Pakistan is not to be blamed for the fact that brutal fanatics sought refuge in its western mountains, and it is absurd to hold Islamabad, and especially Pakistan’s army, responsible for the reaction of the tribes in supporting them

Can we possibly believe that the Chief of the Army Staff, General Ashfaq Pervez Kayani, is a traitor to his country? It’s a silly question, but that is what is implied by the commentators who announce that Pakistan “isn’t doing enough” to counter terrorism and that the Army and the Directorate of Inter Services Intelligence, headed by the able General Pasha, are actually supporting the Taliban and other loony extremists who seek the breakdown of Pakistan.

There was one particularly flatulent piece of windbaggery in Canada’s normally sane Globe and Mail newspaper on October 27. Insultingly titled “Pakistan’s so-called war on terrorism”, it had no by-line, so perhaps was written by a machine, but nonetheless was intriguing in its statement that “[Pakistan’s] leaders have claimed to be doing all they can to break up terrorist groups even as the military has provided them with safe haven and, in some cases, active support.”

It is claimed, without a shred of evidence, that the Pakistan army is giving “active support” to violent fanatics who are trying to kill the army’s own soldiers. In some weird way it is supposed that units on operation in the North West Frontier Province, who take casualties almost daily and have suffered over a thousand killed in the past five years, are being attacked by terrorists and criminals from “safe havens” arranged by their own comrades.
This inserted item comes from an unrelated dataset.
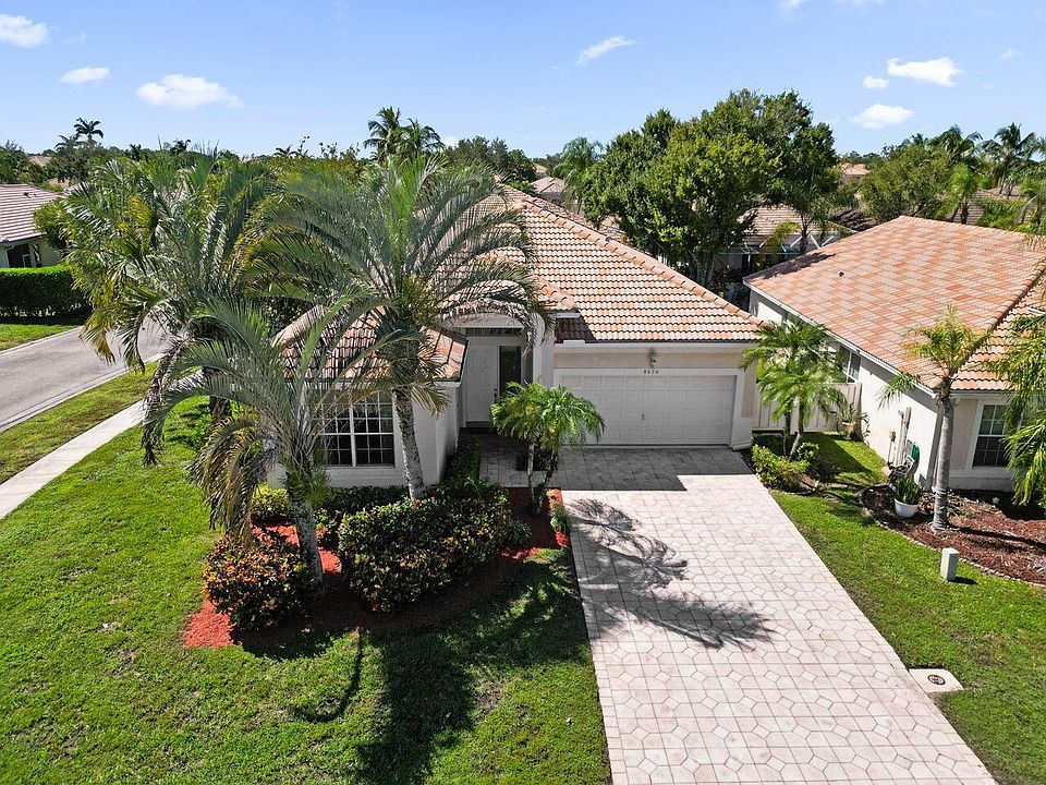 Easy living in this 2 bedroom, plus den, single family home in the beautiful community of Andros Isle. With a freshly painted interior, this home features custom lighting, updated marble tile flooring in main living areas and is move in ready. The kitchen has bountiful counter space for preparing gourmet meals and a built in wine cooler for those that enjoy wine and features Quartz countertops and stainless steel appliances that provide easy care and maintenance. The primary bath has been updated and includes a soaking tub and separate shower. Situated on a corner lot in the desirable community of Andros Isle, the low monthly dues provide amenities including 24/7 guard gate, clubhouse, lawn care, WiFi, CaTV, monitored security, pool, tennis, gym, basketball, play area and so much more.
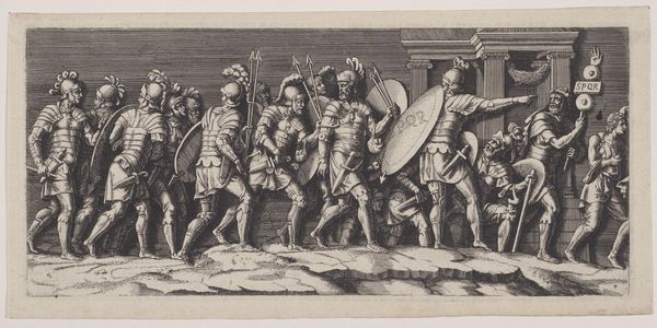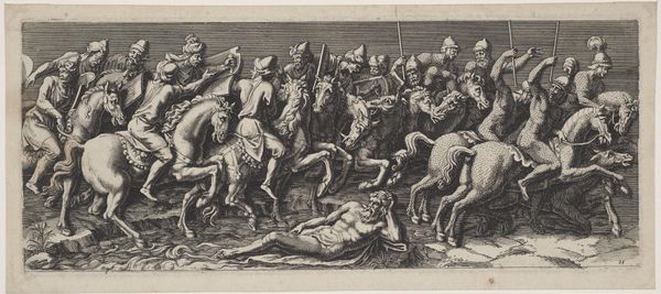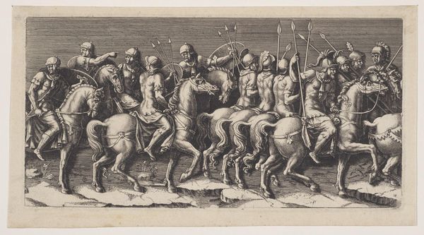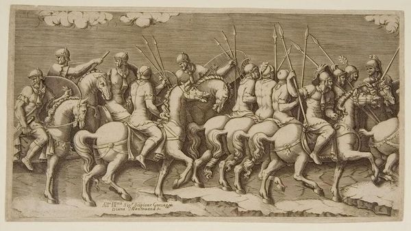 Diana Mantuana etched this print of armed horsemen sometime in the late 16th century. Here we see a long procession of soldiers on horseback, each figure rendered with remarkable detail and dynamism. The horse, a powerful symbol across cultures, represents strength, nobility, and freedom. The procession itself is a motif that appears in numerous historical and artistic contexts, from triumphal entries of Roman emperors to medieval tapestries depicting royal pageants. Consider the recurring image of the mounted warrior throughout history. From the equestrian statues of antiquity to the Renaissance paintings of triumphant knights, the figure embodies authority, power, and martial prowess. This image, deeply embedded in our collective memory, evokes a sense of awe and respect, but also perhaps a primal fear of domination. As the procession moves, the echoes of countless historical journeys resonate, reminding us of the cyclical nature of power and the enduring human fascination with spectacle and strength.

I state flatly: it is inconceivable that General Kayani would sanction any such behaviour on part of his officers and men — just as it is impossible that commanders in the field would for a moment permit their colleagues to assist in helping those who intend to kill fellow soldiers.

In the same piece, it was also claimed that “At the Red Mosque, a hard-core Islamist compound in the heart of Islamabad, and more recently in the Bajaur tribal district, the government chose to act only under considerable international pressure and after allowing militants to put down deep roots.”

What nonsense. There was no outside pressure to deal with the Lal Masjid loonies (which was done most effectively in an operation by the army’s Special Services Group that has not yet received the public tribute that is its due), and while some commentators have fulminated about Bajaur, it was entirely the initiative of the Islamabad government to order the army into the Federally Administered Tribal Areas in 2002-3.


Pakistan is up against more than just terrorists. It faces repeated propaganda attacks from those whose pronouncements vary from being mildly stupid to openly damaging. In the latter vein, the declaration last week by the head of the CIA, a retired air force general, Michael Hayden, that “Let me be very clear. Today, virtually every major terrorist threat that my agency is aware of has threads back to [Pakistan’s] tribal areas,” is mind-boggling in its fantasy.

“Major terrorist threats” to America that are listed by the US State Department include the Revolutionary Armed Forces of Colombia, Sri Lanka’s Liberation Tigers of Tamil Eelam, the Naxalite Maoists in India, Spain’s Basque Fatherland and Liberty movement (ETA), India’s Babbar Khalsa International, Japan’s Aum Shrinrikyo, the New People’s Army of the Philippines, and Israel’s Kahane Chai.

All of these are regarded, justifiably, as dangerous terrorist groups, for which designation the main criterion is that “the organisation’s terrorist activity or terrorism must threaten the security of US nationals or the national security...of the United States.” Every one of them is, in the words of the director of the CIA, a “major terrorist threat that my agency is aware of.” Therefore, by his definition, they all have “threads back to the tribal areas” of Pakistan. How fascinating.

So the wild men of the Tamil Tigers are giving high fives to the Naxalite nutters in FATA while the dedicated communists of the New People’s Army are sitting round camp fires with turbaned Taliban, chatting about old times. All, of course, nurtured by the omnipresent ISI, which no doubt is responsible, among other things, for global warming, Lehman Brothers’ collapse into bankruptcy, the death of Princess Diana, and Australia’s recent cricket defeat by India.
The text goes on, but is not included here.